An additional link is included with the BLAST pre-computed results for the transcript. This link shows the accession numbers for the BLAST hits (with links to the RefSeq main entry), title, taxonomy (with the link to the Taxonomy database), and BLAST result values such as EValue, BitScore, Score, and query length (Figure 3).

Basic Local Alignment Search Tool summary popup.
Figure 3.

Basic Local Alignment Search Tool summary popup.

Browsing GO terms and EC codes

Browser pages for GO terms and EC code are available in a similar format as the transcript list page. These pages provide a list of all GO terms and EC codes cross-referenced to the transcripts (Figure 4).

Cross-referenced Gene Ontology and Enzyme Commission lists (a and c) and full descriptions (b and d).
Figure 4.

Cross-referenced Gene Ontology and Enzyme Commission lists (a and c) and full descriptions (b and d).

Statistics page

The website also provides a page with some basic GO statistics. This page shows the main GO terms cross-referenced by the BioProject transcripts and grouped by GO name space. Three interactive graphs are provided for each GO namespace: biological process, molecular function, and cellular component (Figure 5).

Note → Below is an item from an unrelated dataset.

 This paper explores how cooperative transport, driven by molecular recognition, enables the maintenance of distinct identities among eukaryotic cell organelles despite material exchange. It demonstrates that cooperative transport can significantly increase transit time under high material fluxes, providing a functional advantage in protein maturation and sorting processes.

Statistics graphs for Gene Ontology namespace.
Figure 5.

Statistics graphs for Gene Ontology namespace.

Database design and website code

The website is written in Django (version 1.9.1), a high-level Python Web Framework, with an MS SQL backend database. The project has one Django application, which contains models (equivalent to the database tables), views (Python functions to render the page), and templates (HTML files). Although this Django application was developed for the Physalis peruviana case study, it can be used to host multiple BioProjects. The database schema developed for this project also was designed to store multiple BioProjects, which provides centralized resources for all processed data. The database schema is shown in Figure 6.

Backend database schema developed to store multiple BioProjects.
Figure 6.

Backend database schema developed to store multiple BioProjects.

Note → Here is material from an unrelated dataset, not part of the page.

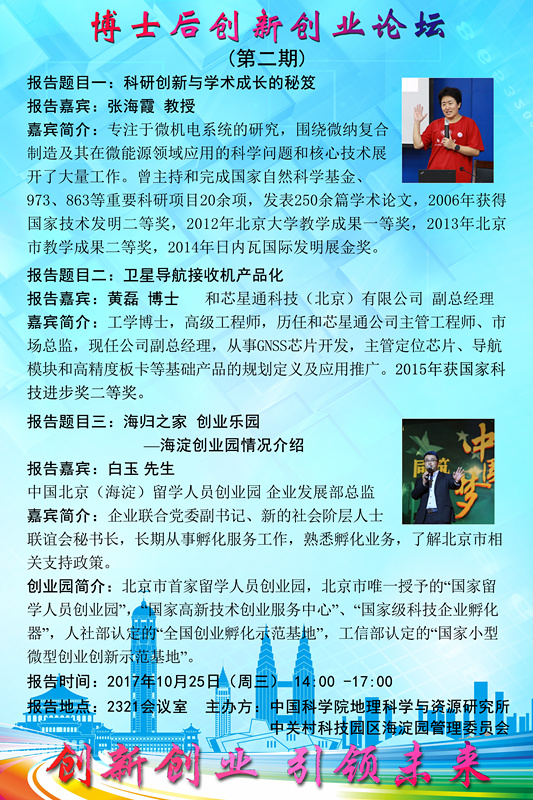 为响应国家“大众创业、万众创新”的号召,提高博士后创新创业、服务经济社会发展能力,探索“研究型、创新型、创业型”三位一体的博士后人才培养模式,推进产学研结合,定于10月25日举办 “博士后创新创业论坛(第二期)”。

A case study of Physalisperuviana

Physalis peruviana (commonly known as Cape gooseberry) is a member of the Solanaceae family, and has become increasing popular because of its nutritional and medicinal value. Our group has been working with this organism for many years. We have produced transcriptome data that are publicly available through the NCBI BioProject PRJNA67621. However, the Physalis peruviana complete genome is not available, and our transcriptome data lack functional and structural annotations.

The workflow presented in this paper was used to annotate the Physalis peruviana transcriptome. We analyzed 45 370 transcripts generated from 11 experiments. Our workflow annotated 81.3% of transcripts with GO terms (36 875 transcripts) and annotated 27.9% of transcripts with EC codes (12 677 transcripts).

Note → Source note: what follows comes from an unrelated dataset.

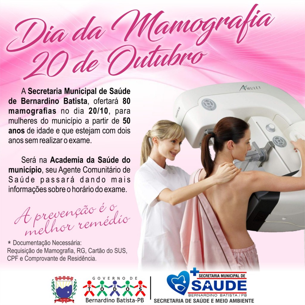 A Secretaria Municipal de Saúde de Bernardino Batista, ofertará 80 mamografias no dia 20/10, (domingo) com início às 8:00 horas para mulheres do município a partir de 50 anos de idade e que estejam com dois anos sem realizar o exame.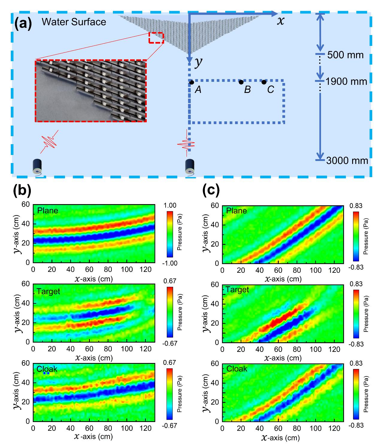 该研究团队通过在水中周期性地交替排列合成泡沫条和钢条,构建了二维水下隐身毯,并在消声水池中进行了宽频和斜入射的实验验证。实验结果表明,这种隐身毯在宽频和斜入射下都表现出了优异的隐身性能。该隐身毯采用材料参数和结构协同设计的方式,大大拓宽了超材料所能实现的声学参数范围,也为协同调控的超材料器件的实现提供了一个典型的例子,为水声器件的实际工程应用奠定了基础。

Our previous paper reports that the transcript JO140768 (cDNA Php00a06743.16696) and S. lycopersicum cDNA Solyc01g095570.2.1 have the same gene models on S. lycopersicum chromosome SL2.40ch01. The Solyc01g095570.2.1 gene is annotated into the Sol Genomics Network with the GO terms GO:0016020 (membrane, cellular component) and GO:0005743 (mitochondrial inner membrane, cellular component) (see https://solgenomics.net/feature/17693139/details). Our workflow complements the previous work by annotating the transcript with the same GO terms and adding the term GO:0016021 (integral component of membrane, cellular component). Additionally, two other biological processes were identified for this transcript, including the terms GO:0006810 (transport, biological_process) and GO:0055085 (transmembrane transport, biological_process).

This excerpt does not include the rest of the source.